Assignment. Transcribe the listing below only from the line with "Salah satu contoh" up to and including the line with "kamra, előtér, terasz.".

Data supplied.
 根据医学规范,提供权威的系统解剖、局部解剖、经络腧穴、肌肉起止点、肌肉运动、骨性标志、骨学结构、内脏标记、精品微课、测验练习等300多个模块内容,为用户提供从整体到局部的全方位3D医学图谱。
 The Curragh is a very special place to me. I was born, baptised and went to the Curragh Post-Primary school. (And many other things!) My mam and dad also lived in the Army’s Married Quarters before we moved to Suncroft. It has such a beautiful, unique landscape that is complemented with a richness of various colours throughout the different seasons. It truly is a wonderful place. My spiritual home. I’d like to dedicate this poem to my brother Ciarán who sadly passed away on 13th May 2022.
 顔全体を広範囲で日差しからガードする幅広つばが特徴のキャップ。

---

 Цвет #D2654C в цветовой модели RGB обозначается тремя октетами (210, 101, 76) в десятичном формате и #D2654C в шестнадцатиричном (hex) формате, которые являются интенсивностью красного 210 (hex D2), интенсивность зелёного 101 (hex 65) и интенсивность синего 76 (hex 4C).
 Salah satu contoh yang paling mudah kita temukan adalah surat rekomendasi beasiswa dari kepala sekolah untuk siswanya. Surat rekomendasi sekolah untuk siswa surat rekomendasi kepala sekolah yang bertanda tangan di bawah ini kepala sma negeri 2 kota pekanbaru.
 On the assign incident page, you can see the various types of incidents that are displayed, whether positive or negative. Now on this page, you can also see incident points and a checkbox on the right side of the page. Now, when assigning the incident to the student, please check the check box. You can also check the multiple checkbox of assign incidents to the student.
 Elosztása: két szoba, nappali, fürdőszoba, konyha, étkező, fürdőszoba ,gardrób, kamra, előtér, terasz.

...

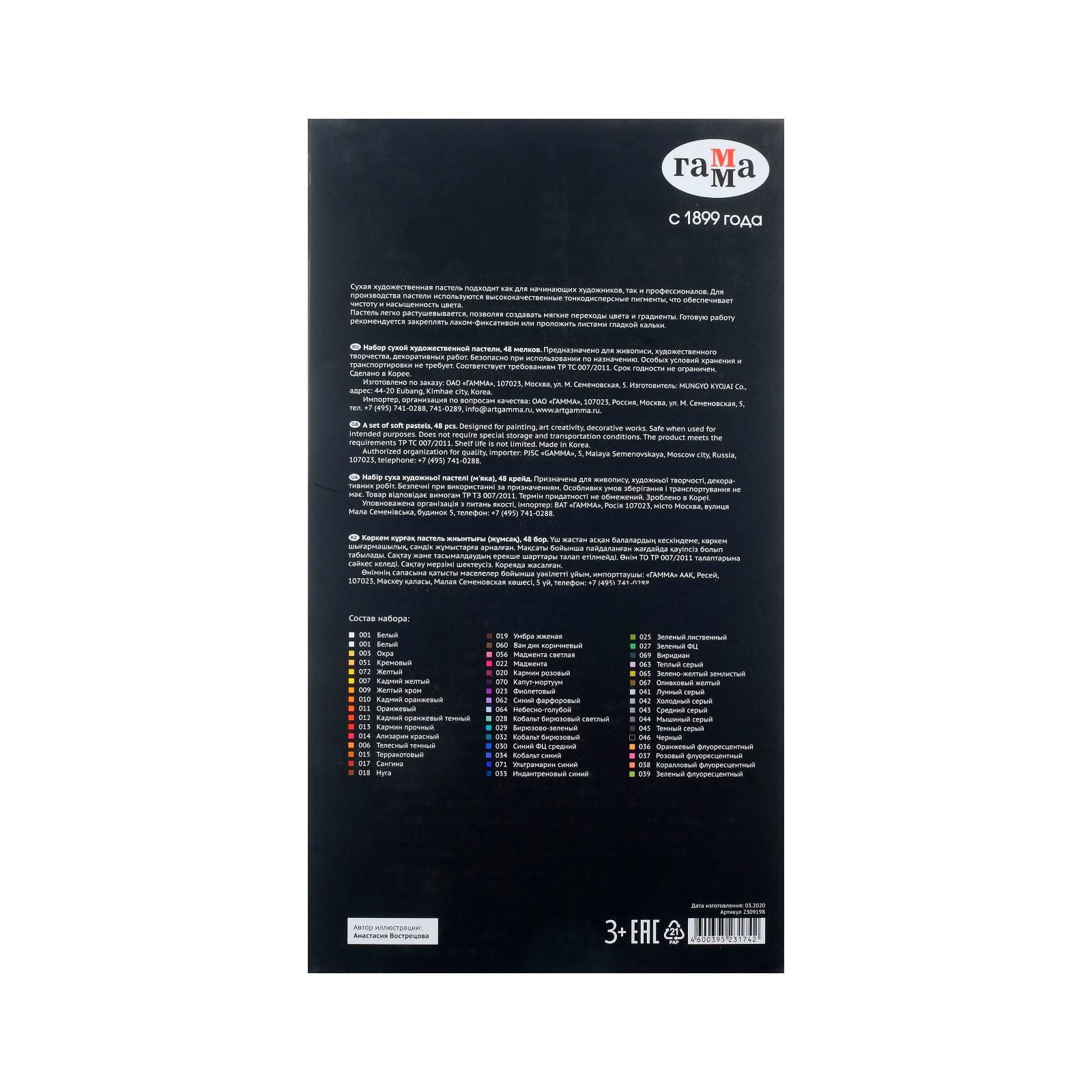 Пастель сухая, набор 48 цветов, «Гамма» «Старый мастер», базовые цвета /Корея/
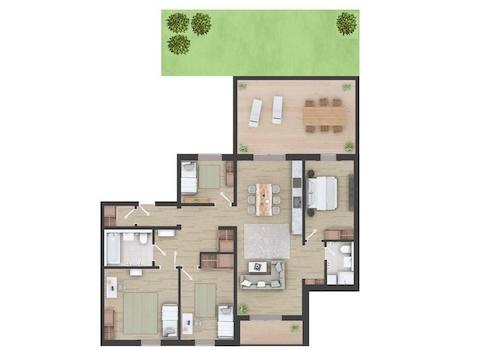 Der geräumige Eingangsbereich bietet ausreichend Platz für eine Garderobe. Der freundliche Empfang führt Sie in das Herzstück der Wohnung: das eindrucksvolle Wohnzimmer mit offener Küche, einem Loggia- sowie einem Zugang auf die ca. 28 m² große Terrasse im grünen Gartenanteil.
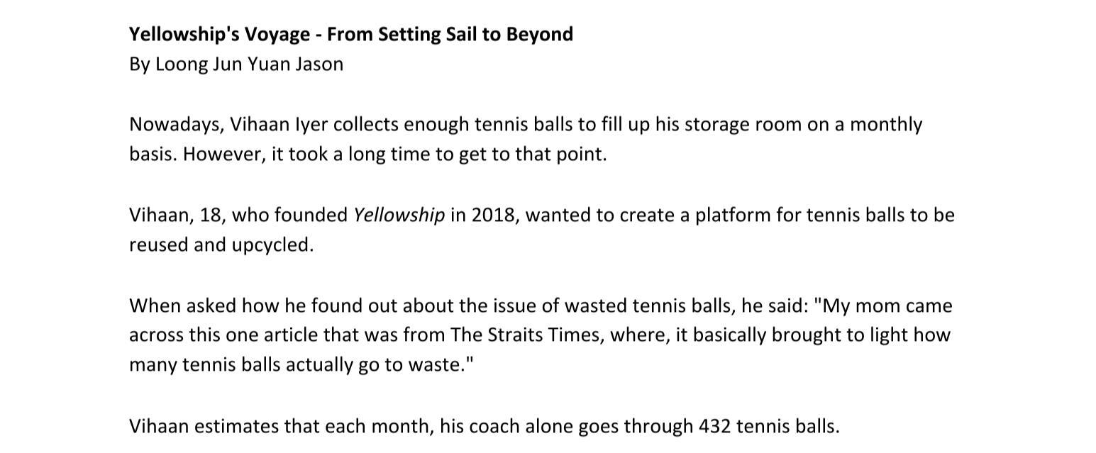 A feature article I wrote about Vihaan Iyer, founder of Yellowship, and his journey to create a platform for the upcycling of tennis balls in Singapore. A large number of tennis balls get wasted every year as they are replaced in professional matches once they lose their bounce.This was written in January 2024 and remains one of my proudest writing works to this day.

Task solution.
 Salah satu contoh yang paling mudah kita temukan adalah surat rekomendasi beasiswa dari kepala sekolah untuk siswanya. Surat rekomendasi sekolah untuk siswa surat rekomendasi kepala sekolah yang bertanda tangan di bawah ini kepala sma negeri 2 kota pekanbaru.
 On the assign incident page, you can see the various types of incidents that are displayed, whether positive or negative. Now on this page, you can also see incident points and a checkbox on the right side of the page. Now, when assigning the incident to the student, please check the check box. You can also check the multiple checkbox of assign incidents to the student.
 Elosztása: két szoba, nappali, fürdőszoba, konyha, étkező, fürdőszoba ,gardrób, kamra, előtér, terasz.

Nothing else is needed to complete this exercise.